Comparative evaluation of polymerase chain reaction assay with microscopy for detection of asymptomatic carrier state of theileriosis in a herd of crossbred cattle.

AIM: This study aims to develop and to standardize a polymerase chain reaction (PCR) assay that will diagnose clinical as well as carrier state of the disease and to compare the results with conventional microscopy technique.
MATERIALS AND METHODS: A herd of crossbred cattle with the previous history of theileriosis in village Lahli, district Rohtak, Haryana, was selected for this study. A total of 29 blood samples were collected randomly from cows including five clinically ill cattle. Blood smears from all animals and lymph node biopsy smears from animal with swollen lymph nodes were examined microscopically after conventional Giemsa staining. Phenol chloroform isoamyl alcohol method was used for extracting DNA from blood. Previously published primers targeting cytochrome b gene sequence of Theileria annulata were used in the PCR assay that was standardized to use in the laboratory.
RESULTS: Out of 29 samples tested,18 (62.06%) were found positive for theileriosis by PCR assay, whereas only 10 (34.48%) samples were detected positive by conventional microscopic technique using Giemsa staining method.
CONCLUSIONS: On the basis results of comparative studies, it can be concluded that PCR assay is a more sensitive than microscopic examination for detection of theileriosis. This can be attributed to the ability of PCR assay to detect small amounts of genomic DNA of T. annulata or low parasitemia in cows. Therefore, PCR assay can serve as a more sensitive tool to detect Theileria for detection of theileriosis even in asymptomatic carrier cattle which is important for the implementation of successful control programs.

Introduction

In India, bovine tropical theileriosis is an important endemic hemoprotozoan disease caused by Theileria annulata. The disease is characterized by a marked rise in body temperature, reaching 40-41.5°C, depression, lacrimation, nasal discharge, swelling of the superficial lymph nodes, and anemia. It is transmitted by Hyalomma anatolicum, a three host tick which act as a biological vector for T. annulata. Recovered cows from acute or primary theileriosis, remain infected for a long period and even for the rest of their lives, acting as reservoirs of infection for ticks which cause natural transmission of the disease [1,2].

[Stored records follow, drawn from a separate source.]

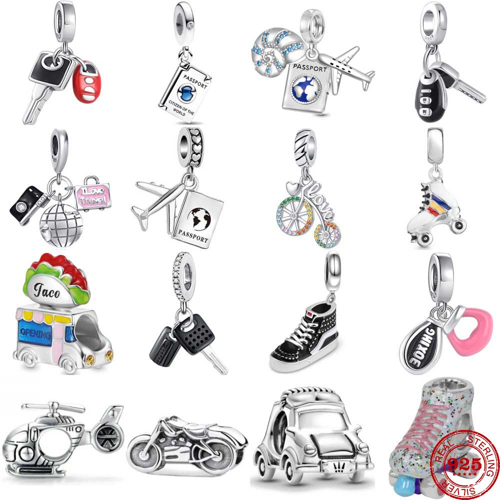 925 Silver Travel Aircraft Motorcycle Pendant Charm DIY Beads Fit Bracelet Necklace Women Jewelry Handmade
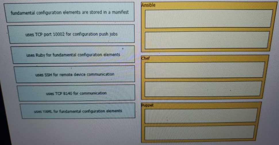 DRAG DROP Drag and drop the descriptions from the left onto the configuration-management technologies on the right. Cisco CCNA 200-301 question
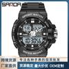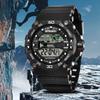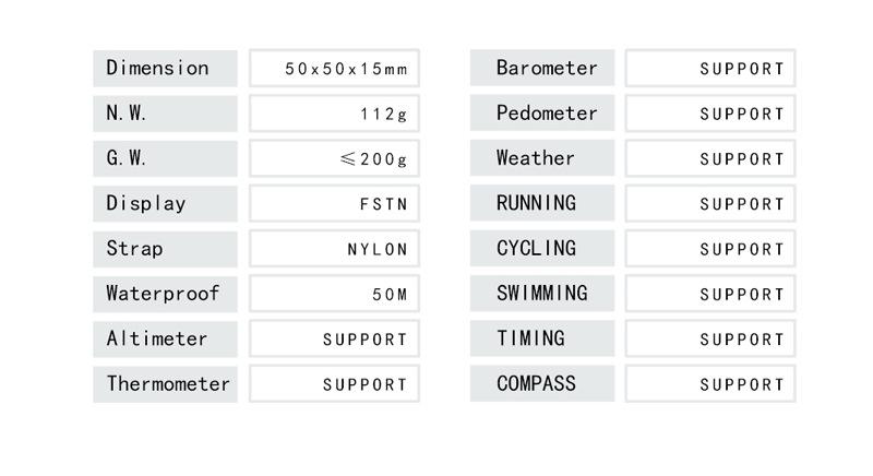 El reloj incluye la caja de embalaje y la caja exterior. Peso: 300 g. Funciones: Altitud, presión atmosférica, brújula, termómetro, sumergible hasta 50 metros, esfera metálica, retroiluminación, podómetro, hora mundial, cuenta regresiva, pronóstico del tiempo, alarma y recordatorio de batería baja. Es un reloj electrónico multifunción; solo se muestra en inglés, no en otros idiomas.
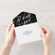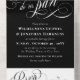 Elegant goth all in one wedding invitation in black and white with swirly calligraphy,. An elegant wedding invitation for a Halloween wedding, goth wedding, or similar.
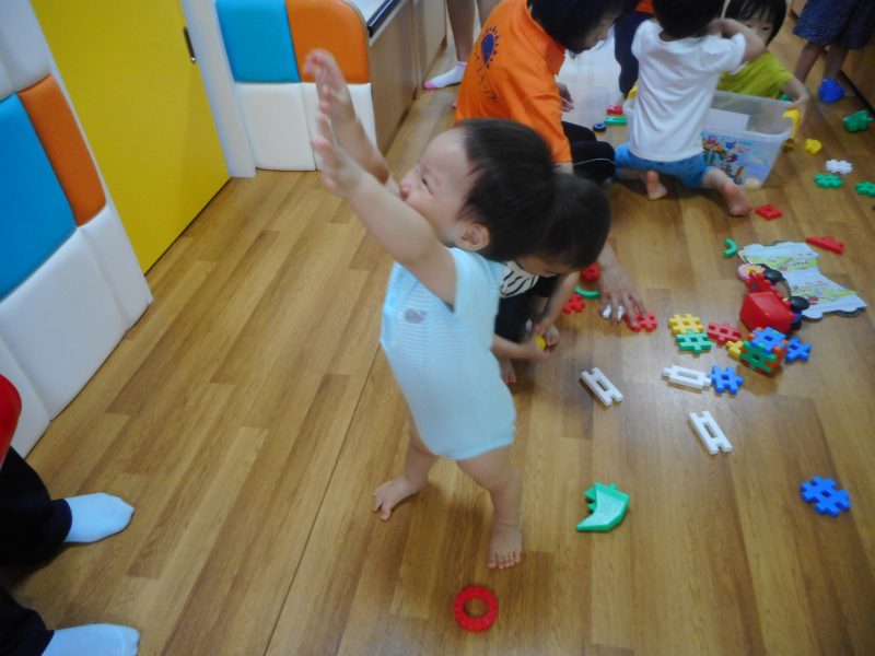 とってもかわいい笑顔ですね‼この笑顔を見たら、みんなやる気を出してあっという間に片づけられちゃいます。(この後先生と一緒に0歳児さんも上手にブロックを片付けてくれました)
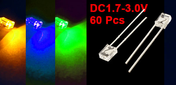 60 Pcs 4mmx3mmx2mm Head Yellow Blue Green LED Light Emitting Diodes DC 1.7-3.0V
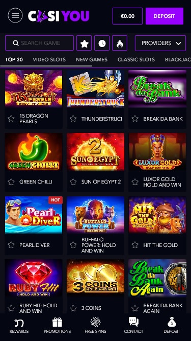 Несмотря на то, что в казино CasiYou отсутствуют некоторые популярные категории онлайн-азартных игр, оно предлагает богатую коллекцию онлайн-слотов, включающую первоклассные игры всех типов. Вот некоторые из них:
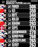 [閒聊] 世界賽最殺的選手排行 - LoL 板
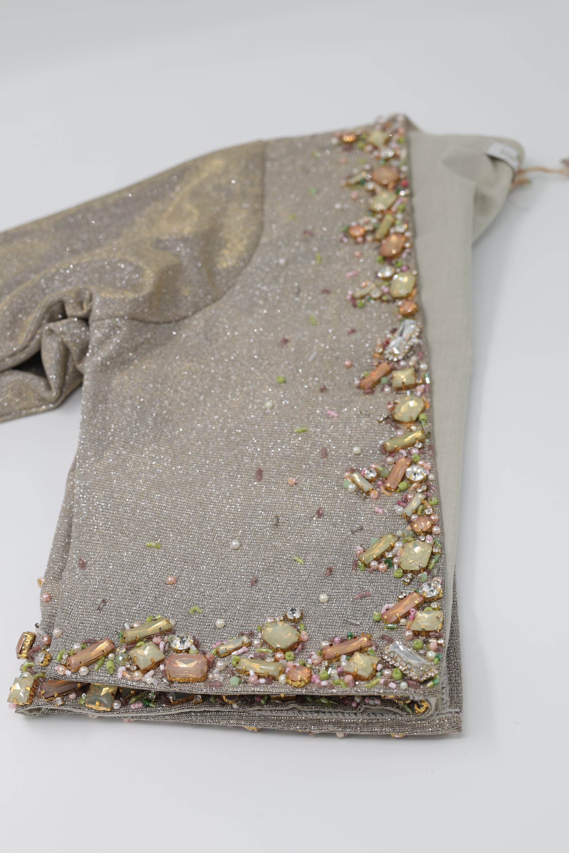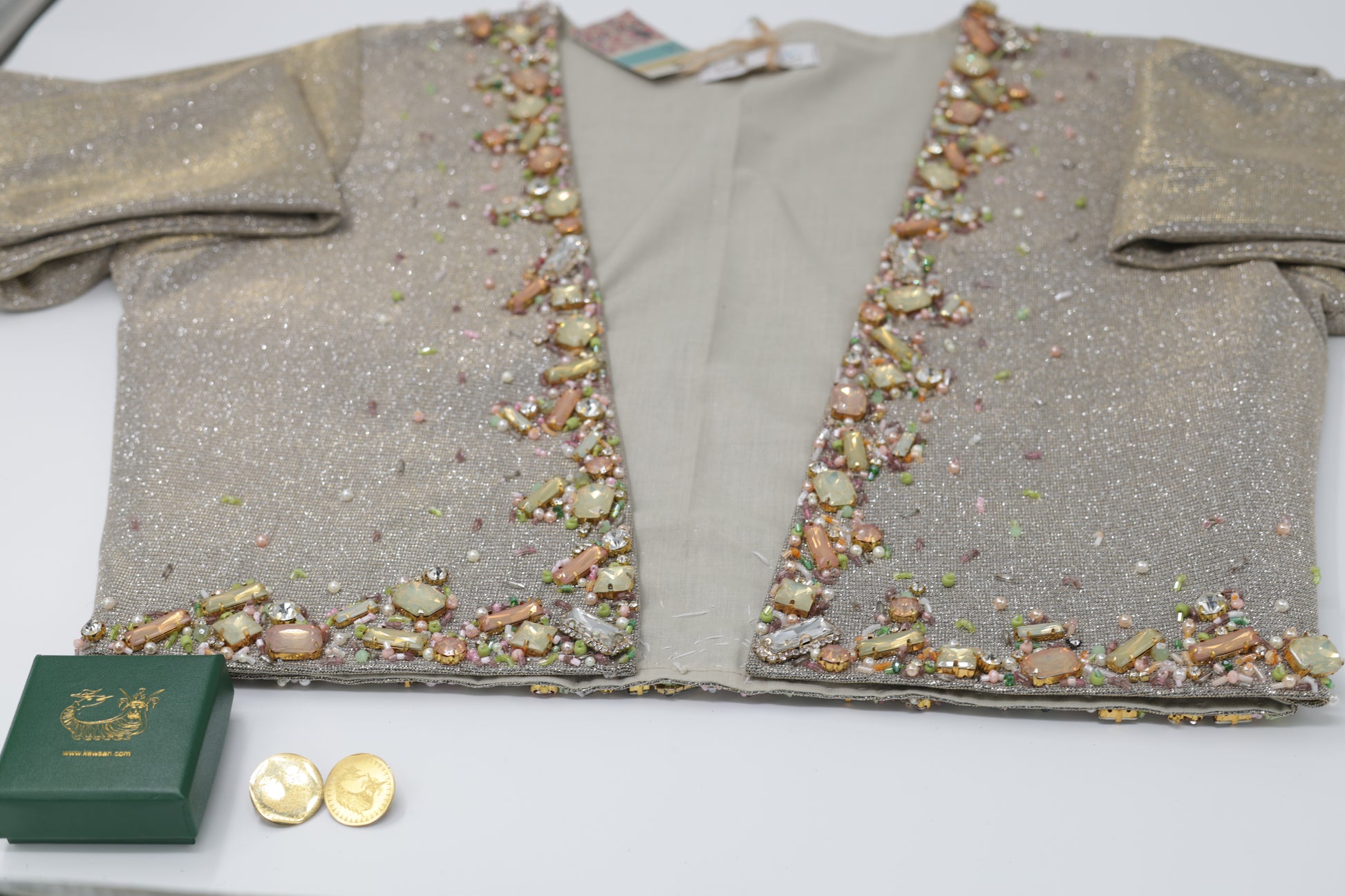 The vest is decorated with hand-placed Swarovski stones, beads, and crystals that add a soft shine and luxurious look. Every detail is made with care, showing the beauty of Kurdish handmade craftsmanship. Because it is handmade, each vest is unique and special.

The conventional method for identification of organism includes an examination of blood smears using Giemsa staining. Indeed, Giemsa-stained blood smears can be used as a suitable method to detect Theileria in the animals suspected to be suffering from clinically acute theileriosis, but it is not applicable for the detection of presymptomatic or carrier animals, where parasitemia is very low [3]. Identification of such animals is, therefore, crucial for the accurate assessment of epidemiology of the disease and the implementation of control programs aimed at improving productivity.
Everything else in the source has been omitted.